The good news is I can see why each doctor said what they said, and I do think there is probably a lot that can be done to help you.

People with chronic pain are often in a place where "nothing is wrong," but there is also a whole lot that is "not right."  There is nothing "wrong" in the sense that you aren't riddled with bone spurs or have spinal stenosis, BUT there is a whole lot that is "not right" with minor disc bulges and compressions, etc. throughout your spine.

So that you understand where I will be pointing you, take a moment and think of all the muscles in your body like the rigging (ropes) on a big old sailboat.  It is the interplay of the tension in our muscles that allows us to stand, sit, walk, pick up a glass, etc.  BUT just like the rigging on a sailboat, if one of the pieces of rigging is set too tight it can pull the masts (bones) out of position.  And if many of the pieces of rigging are too tight from extreme use or injury in the past then your vertebrae can be pulled and yanked into a myriad of inappropriate and painful positions.

Once you understand the concept that "bones only go where muscles pull or hold them" (bones are merely chunks of calcium that do not move on their own), then you can see that releasing the inappropriate tension throughout your body, but especially in your back, will allow your vertebrae the appropriate space and freedom they require for your nerves and discs not to be compromised and cause your pain.

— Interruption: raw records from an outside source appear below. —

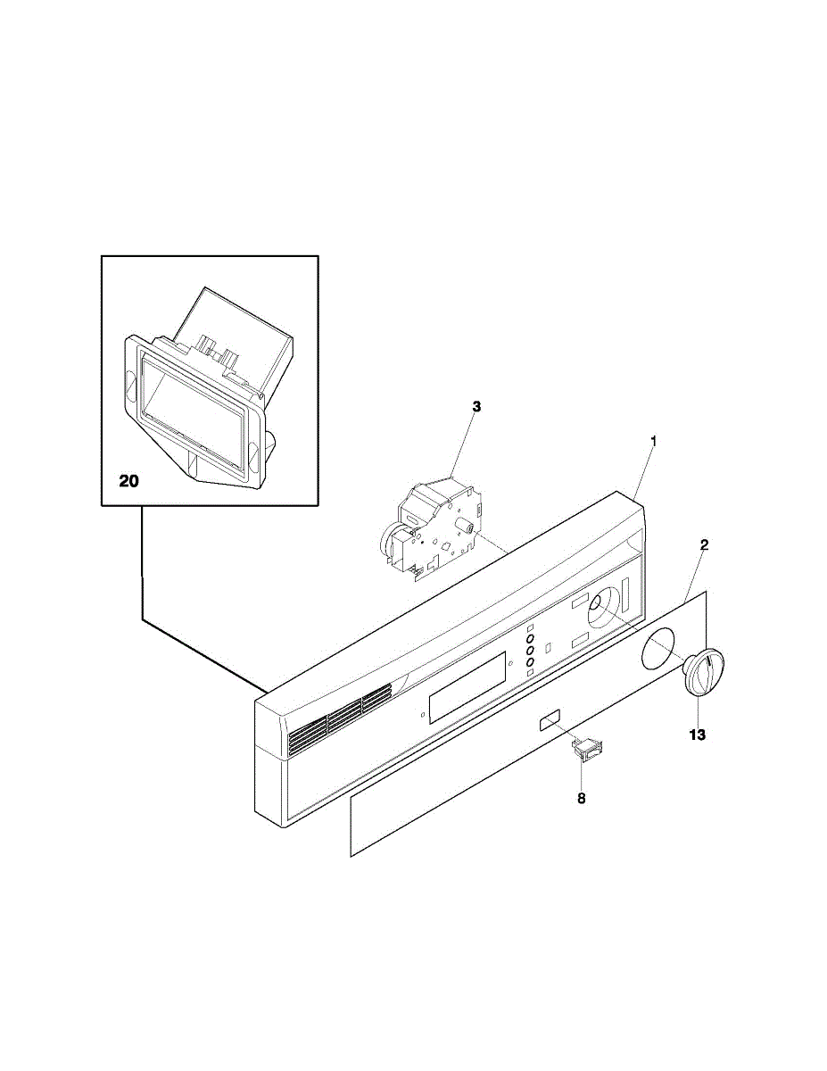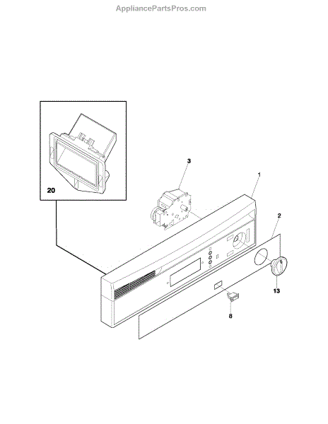 This control panel insert is the molded trim piece that fills the front of the appliance's control console, restoring a clean, finished appearance and giving buttons and displays a stable mounting surface. What it does: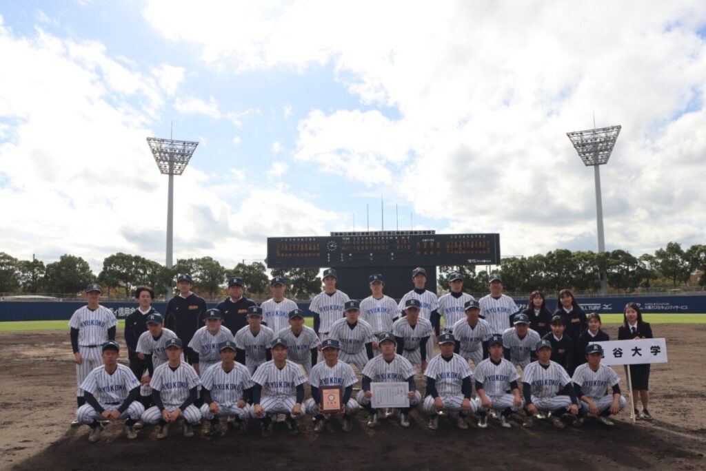 令和5年度秋季関西地区大学準硬式野球大会最終日の11日(土)は、昨日の雨天順延での決勝戦は、龍谷大学対兵庫医科大学神戸キャンパスの対戦となりましたが、兵庫医科大学神戸キャンパスが、5対4で龍谷大学を破り、初優勝を飾った。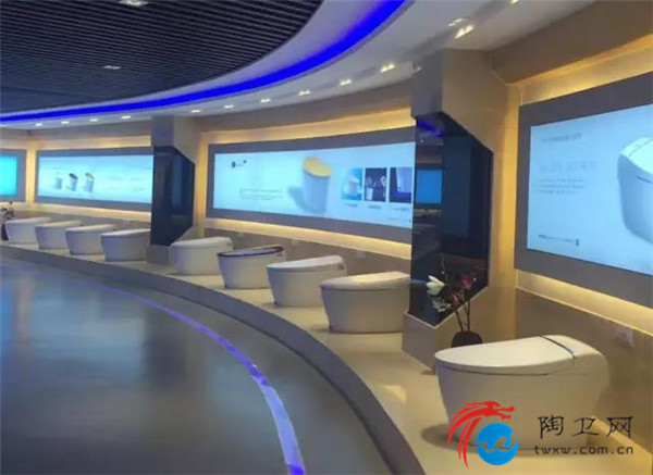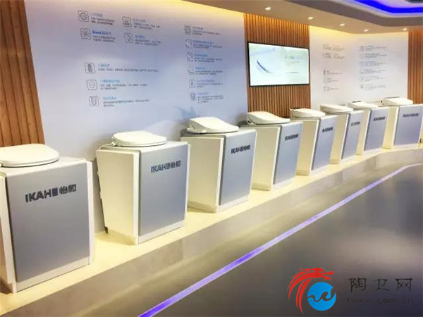 展厅的左边,一个个巧夺天工的智能马桶像昂首挺胸接受检阅的士兵,器宇轩昂地站立。

Okay, so I'm going to recommend two things.  You can do either one, or both of these things and I do think that both of them will help you.  First, I'm going to recommend that you go to my totally free website,
http://www.do-it-yourself-joint-pain-relief.com/
and follow along with the videos so you can begin to learn how to fix yourself.  You may want to start with the Lower Back Pain page(s) when you begin,
http://www.do-it-yourself-joint-pain-relief.com/lower-back-pain-relief.html, since getting your lower back free will help other things let go as well.  And feel free to check out the Site Map page where I list every single page on the website,
http://www.do-it-yourself-joint-pain-relief.com/joint-pain-relief-site-map.html
This is a great place to start.

Second, I'm going to recommend you find a Structural Integration practitioner and have them work on you.  I'd do my best to find someone who has been doing it at least 5 years, and sounds like they know what they are talking about on the phone, and not to be sexist, but you may want to find a male (or at least a strong woman) if you have the choice, since sometimes strength can be an issue.

The practitioner may want to do your whole body first, but tell them you need a lot of "sixth hour" work first for a least a few sessions.  I do think that this work could help you tremendously.
To find a practitioner, go to these two websites:
http://www.rolf.org/find/byLocation?city=&state=WI&country=USA&name=
and
http://www.rolfguild.org/cgi-bin/DB/search.cgi?setup_file=practitioners.setup&se

Call a bunch of these people, and feel free to try more than one if you aren't getting results from your first choice. Like reading an MRI, Structural Integration is both an art and a science, so it matters a great deal who is doing the work.

I do sincerely hope this information helps.